TASK: Transcribe exactly, and only, the lines from the one containing "JAMBIUPDATE CO, JAKARTA" through the end of the entries below, leaving the pictures out.

[Records from a data collection]
----------------------------------------
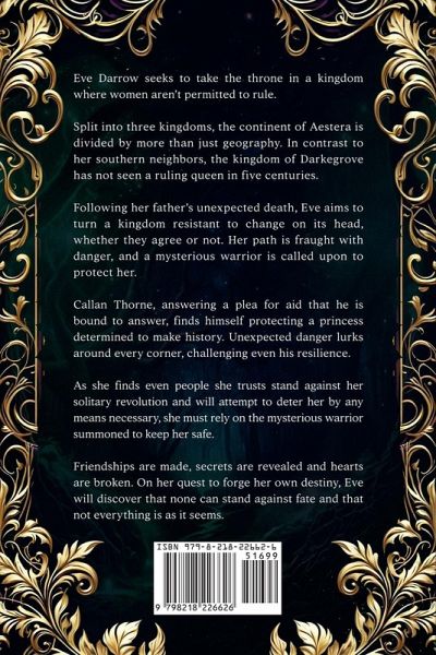 Eve Darrow seeks to take the throne in a kingdom where women aren't permitted to rule. Split into three kingdoms, the continent of Aestera is divided by more than just geography. In contrast to her southern neighbors, the kingdom of Darkegrove has not seen a ruling queen in five centuries. Following her father's unexpected death, Eve aims to turn a kingdom resistant to change on its head, whether they agree or not. Her path is fraught with danger, and a mysterious warrior is called upon to protect her. Callan Thorne, answering a plea for aid that he is bound to answer, finds himself protecting a princess determined to make history. Unexpected danger lurks around every corner, challenging even his resilience. As she finds even people she trusts stand against her solitary revolution and will attempt to deter her by any means necessary, she must rely on the mysterious warrior summoned to keep her safe. Friendships are made, secrets are revealed and hearts are broken. On her quest to forge her own destiny, Eve will discover that none can stand against fate and that not everything is as it seems.
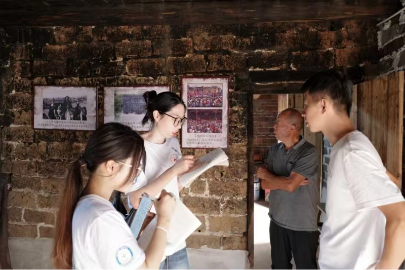 在二渡水村,調研組成員圍繞黃靜源故居對二渡水村發展的影響、紅色精神的傳承等問題開展調研,通過采訪廖凱麗了解此故居的基本情況。
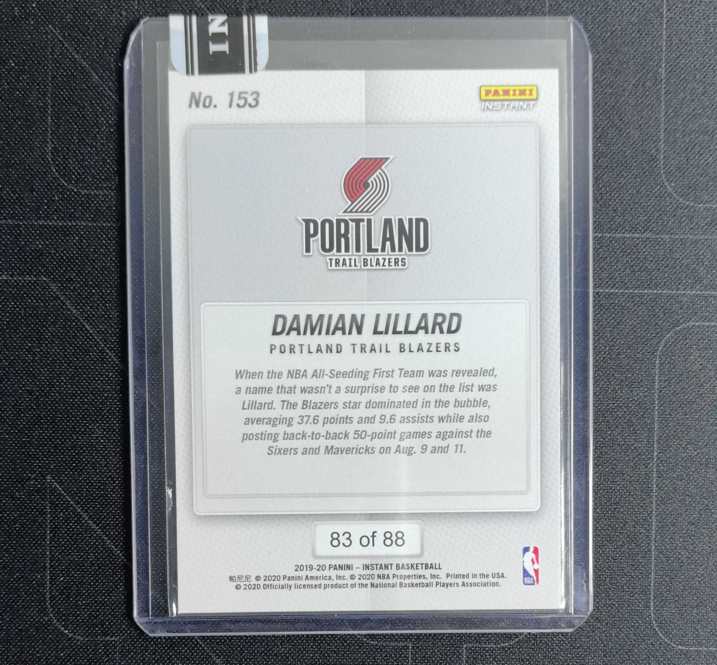 2019-20 Panini Instant Damian Lillard 开拓者 达米安 利拉德 官方时刻 瞬时 特卡 88编 带编 原封卡夹 凑套必备 卡品如图
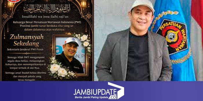 JAMBIUPDATE CO, JAKARTA - Inalillahi wa inna ilaihi raji'un.Telah meninggal dunia Sekretaris Jenderal (Sekjen) Persatuan Wartawan Indonesia (PWI) Pusat, periode 2025-2030, Zulmansyah Sekedang, dini hari Sabtu, 18 April 2026 pukul 00.05 di Rumah Sakit Budi Kemuliaan akibat serangan jantung.
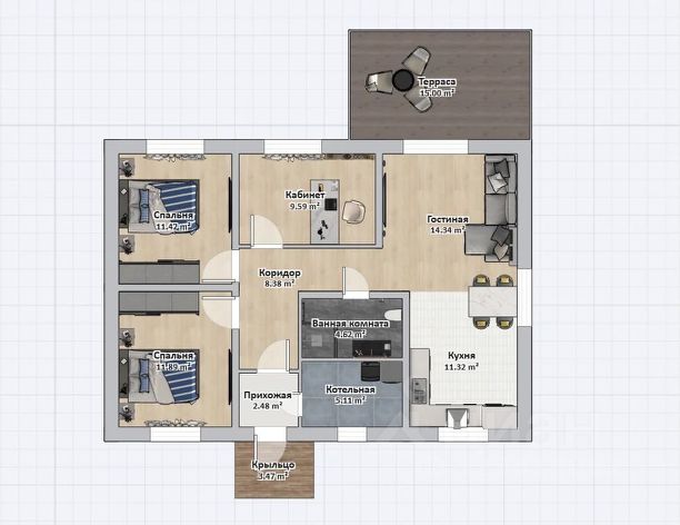 Большая кухня-гостиная 25 м с выходом на террасу 30 м
----------------------------------------
ANSWER TO THE PROBLEM:
 JAMBIUPDATE CO, JAKARTA - Inalillahi wa inna ilaihi raji'un.Telah meninggal dunia Sekretaris Jenderal (Sekjen) Persatuan Wartawan Indonesia (PWI) Pusat, periode 2025-2030, Zulmansyah Sekedang, dini hari Sabtu, 18 April 2026 pukul 00.05 di Rumah Sakit Budi Kemuliaan akibat serangan jantung.
 Большая кухня-гостиная 25 м с выходом на террасу 30 м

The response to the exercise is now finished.